# CRUJRA  (no_CH4_no_spin_up)

## 1.Make the nml

In [None]:
import itertools
import os
import subprocess
import glob, os, shutil, sys
import numpy as np
import pandas as pd
import xarray as xr
import time

def make_namelist(nml_input,nml_output,station_list,mode='no_spin_up',forcing='FLUXNET-CH4'):
    # open nml file and readlines
    with open(nml_input+f'US-Los_{forcing}_no_CH4.nml', 'r') as file:
        nml_content = file.readlines()

    # modify var
    for i, line in enumerate(nml_content):
        # replace CASE NAME
        if 'DEF_CASE_NAME' in line:
            nml_content[i] = f"DEF_CASE_NAME = '{station_list['SITE_ID']}'\n"
        if 'DEF_simulation_time%start_year' in line:
            nml_content[i] = f"DEF_simulation_time%start_year = {int(station_list['YEAR_START'])}\n"
        if 'DEF_simulation_time%end_year' in line:
            nml_content[i] = f"DEF_simulation_time%end_year = {int(station_list['YEAR_END'])}\n"
        if 'DEF_simulation_time%spinup_year' in line:
            nml_content[i] = f"DEF_simulation_time%spinup_year = {int(station_list['YEAR_START'])-1}\n"
        if 'DEF_simulation_time%spinup_month' in line:
            nml_content[i] = f"DEF_simulation_time%spinup_month = 1\n"
        if 'DEF_simulation_time%spinup_day' in line:
            nml_content[i] = f"DEF_simulation_time%spinup_day = 1\n"
        if 'DEF_simulation_time%spinup_sec' in line:
            nml_content[i] = f"DEF_simulation_time%spinup_sec = 0\n"
        if 'DEF_simulation_time%spinup_repeat' in line:
            nml_content[i] = f"DEF_simulation_time%spinup_repeat = 0\n"
        if 'SITE_fsitedata' in line:
            nml_content[i] = f"SITE_fsitedata = '{station_list['srfpath']}'\n"
        if 'DEF_dir_output' in line:
            nml_content[i] = f"DEF_dir_output = '/share/home/dq076/data/cases/site/{forcing}/{mode}/'\n"
        # if 'DEF_forcing_namelist' in line:
        #     nml_content[i] = f"DEF_forcing_namelist = '{nml_input}/cases/no_spin_up/forcing/SINGLE_{station_list['SITE_ID']}.nml'\n"

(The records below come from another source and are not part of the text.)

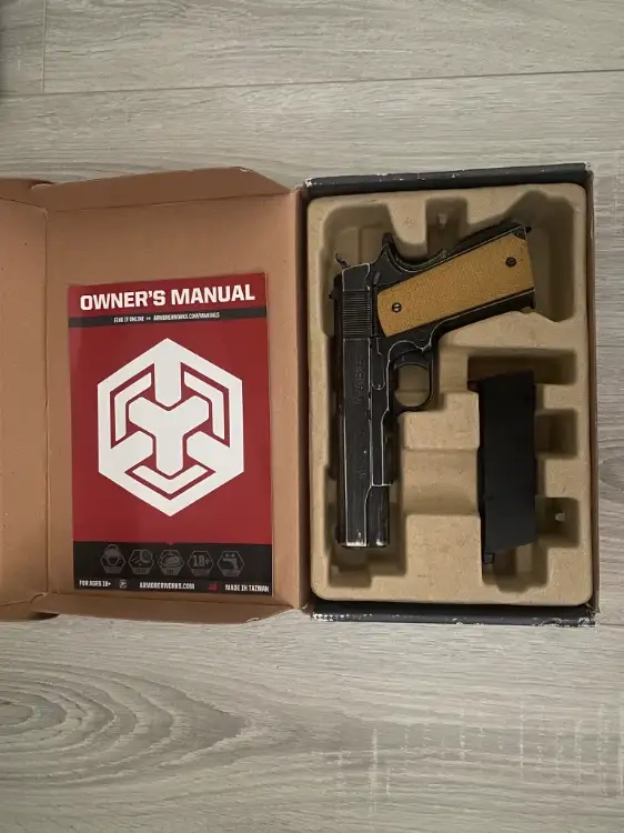 Il est vendu dans sa boîte d'origine avec 2 chargeurs, celui d'origine (effet usé) & un autre racheté à côté (noir), et un holster.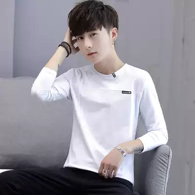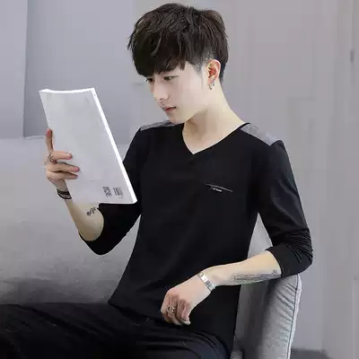 Men's long sleeve T-shirt V-neck cotton spring and autumn thin autumn clothes autumn clothes wear white base shirt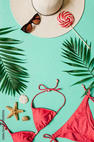 Red Pink Bikini Suit Lollipop Sunglasses Plam Leaves On Plain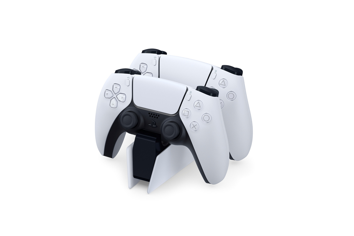 DualSense controllers for the Sony PlayStation 5 console sit on the DualSense Charging Station in this undated handout image courtesy of Sony Interactive Entertainment. SONY INTERACTIVE ENTERTAINMENT INC./Handout via REUTERS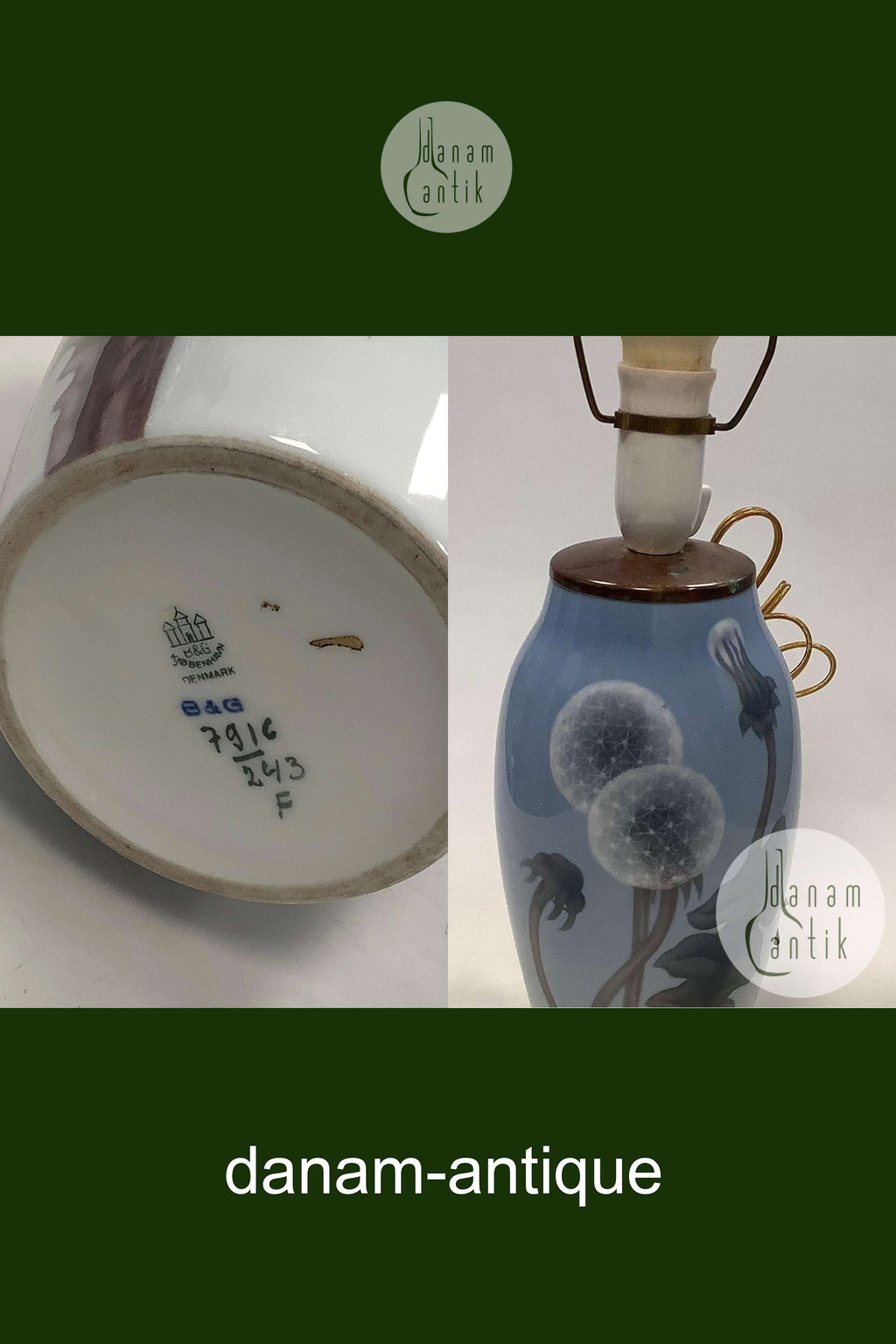 Bing og Grøndahl Art Nouveau Vase / Lampe med Mælkebøtter No. 7916 / 243

    # read back modified nml file
    # sometimes need modify nml file path

    new_file_path = f"{nml_output}{station_list['SITE_ID']}.nml"
    with open(new_file_path, 'w') as file:
        file.writelines(nml_content)

if __name__ == '__main__':
    mode='no_CH4_no_spin_up'
    forcing = 'CRUJRA'

    nml_input = "/share/home/dq076/mode/ME/CoLM202X_CH4_s/run/"
    nml_output = f"{nml_input}site/{forcing}/{mode}/"
    os.makedirs(nml_output, exist_ok=True)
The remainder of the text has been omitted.